Custom UUID as primary key

The main argument against using UUIDs as a primary key in a relational database seems to be that if the UUIDs aren't serialized sequentially tables can become fragmented. At first blush, version 1 UUIDs seem like they would work (they are sequential after all) but because their timestamps are stored in reverse order (29, 30, 31 becomes 92, 03, 13) when the UUIDs are converted into binary values they aren't consecutive.

The Evil Empire

Recognizing this problem, Microsoft introduced a built in function which allows developers to generate database friendly UUIDs; unfortunately, the function is only available to SQL Server users. Ideally we would like to abstract Microsoft's logic out of the database and move it into our application where we would be free to leverage it anywhere; to this end, I decided to analyze SQL Server's output by creating a loop of 1000 inserts and carefully inspecting the results.
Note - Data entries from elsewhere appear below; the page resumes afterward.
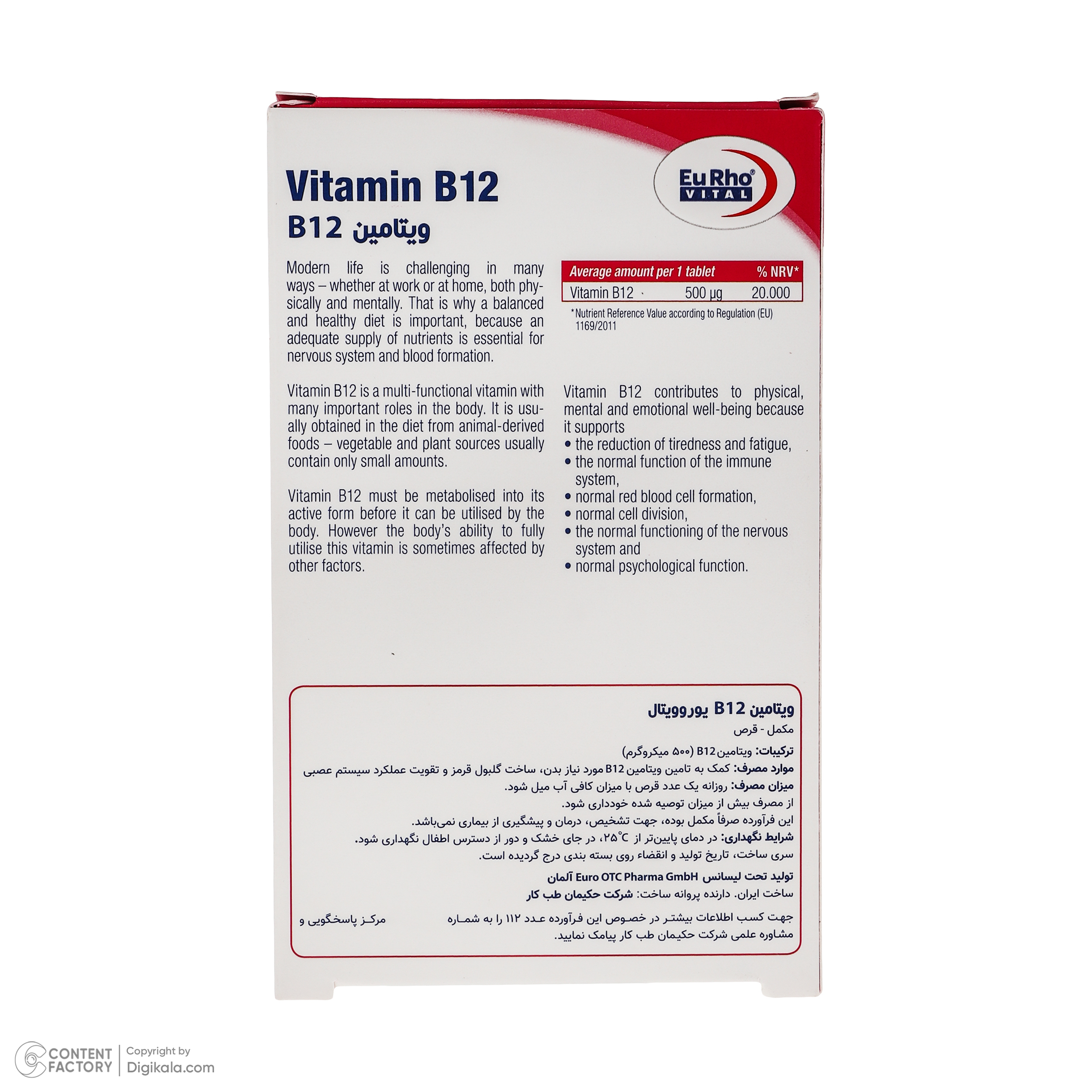 قرص ویتامین ب 12 500 میکروگرم یوروویتال دو بسته 60 عددی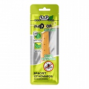 Браслет из микрофибры с пластиковой застежкой для защиты взрослых и детей (с 3 лет) от нападения комаров. Материал, из которого состоит браслет, пропитан натуральным маслом цитронеллы. Аромат цитронеллы обладает мощным отпугивающим эффектом, забивает рецепторы насекомых. Защищает не менее 120 часов. В промежутках между использованием, браслет необходимо хранить в заводской герметичной упаковке. Браслеты поставляются в цветном шоу-боксе.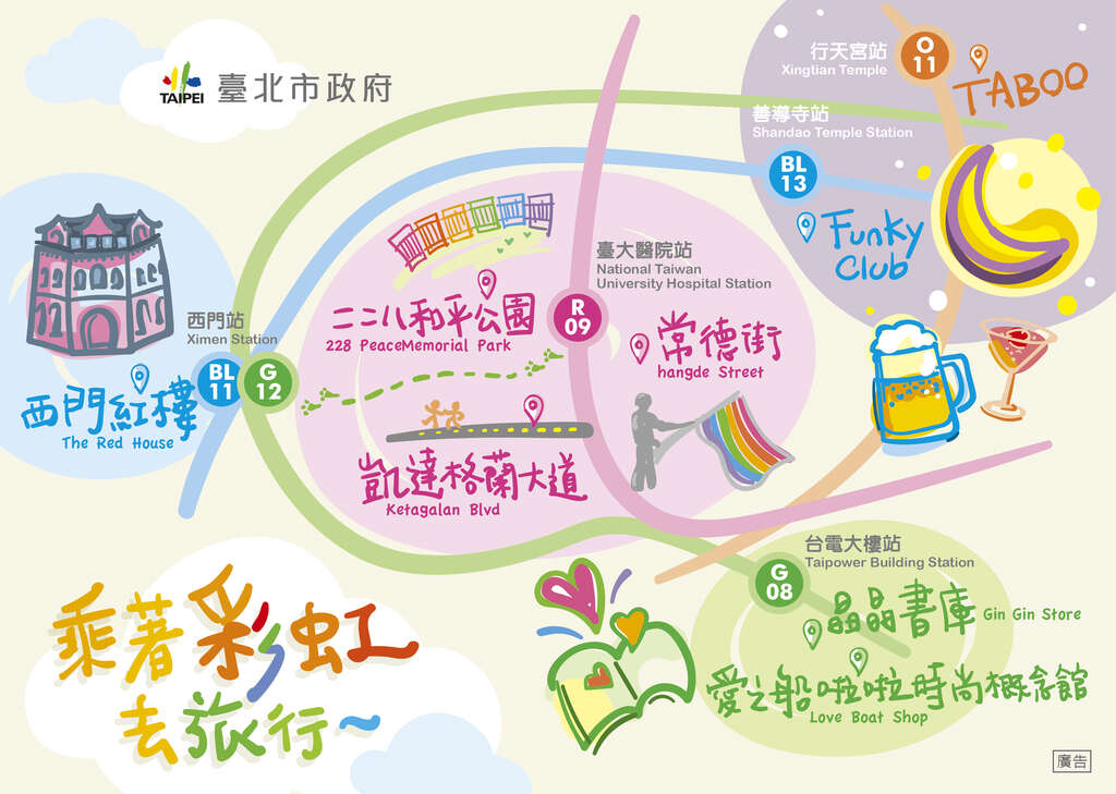 Located between the Presidential Office Building (a national historical site that was formerly the Office of the GovernorGeneral during the Japanese Colonial Period) and Jingfu Gate (also a national historical site and previously the eastern gate of Taipei City during the Qing Dynasty), Ketagalan Boulevard has always been a popular venue for social movements and protests. It is also the meet-up location and starting point for the Pride Parade. Significant locations such as 228 Peace Park (formerly New Park), Changde Street, and Ximending are also nearby. Once these places were sites of slander and repression of LGBT groups; now they have become public platforms where LGBT individuals gather and fight for equal rights.

CREATE TABLE UUID_TEST(UUID UNIQUEIDENTIFIER DEFAULT NEWSEQUENTIALID() UNIQUE NOT NULL, CREATE_ORDER INTEGER);
INSERT INTO UUID_TEST(SEQUENCE) VALUES(?); --where SEQUENCE is set to an incremented value in the for loop
SELECT * FROM UUID_TEST ORDER BY UUID;
DROP TABLE UUID_TEST;

  UUID SEQUENCE
 1  B8586BD7-2062-E111-B36C-CC52AFC9F2ED  0
 2  B9586BD7-2062-E111-B36C-CC52AFC9F2ED  1
 3  BA586BD7-2062-E111-B36C-CC52AFC9F2ED  2
 4  BB586BD7-2062-E111-B36C-CC52AFC9F2ED  3


Upon looking at the sample set of data I noticed a few very obvious things. The first was that the format of the generated ids was consistent with that of a traditional UUID: 16 bytes divided into 5 segments of 4, 2, 2, 2 and 6 bytes. If parsed like a traditional UUID the variant field was well formed (it resolved to Leach-Salz) but the version and timestamp were not.  I also noticed that the first byte where time_high was normally stored changed with greater frequency than the last byte (where a traditional version 1 UUID most often varied). It looked as if a version 1 UUID had been generated in the database and its byte order had been reversed. Indeed, flipping the byte order of the time_high, time_mid, and time_low fields of any SQL Server generated id allowed me to convert it into a valid version 1 UUID; I could verify this by looking at the timestamp:

UUID uuid = UUID.fromString("d76b58b9-6220-11e1-b36c-cc52afc9f2ed"); // sql server generated uuid: B9586BD7-2062-E111-B36C-CC52AFC9F2ED

System.out.println(uuid.version); // outputs "1"
System.out.println(uuid.timestamp()); // outputs "135497356990437561" which equates to the correct date of Tuesday, February 28, 2012 3:28:19 PM GMT

Manually inserting a version 1 UUID into the database produced similar results. The byte order of the time_high, time_mid, and time_low fields of the UUID were stored in reverse. This was the algorithm!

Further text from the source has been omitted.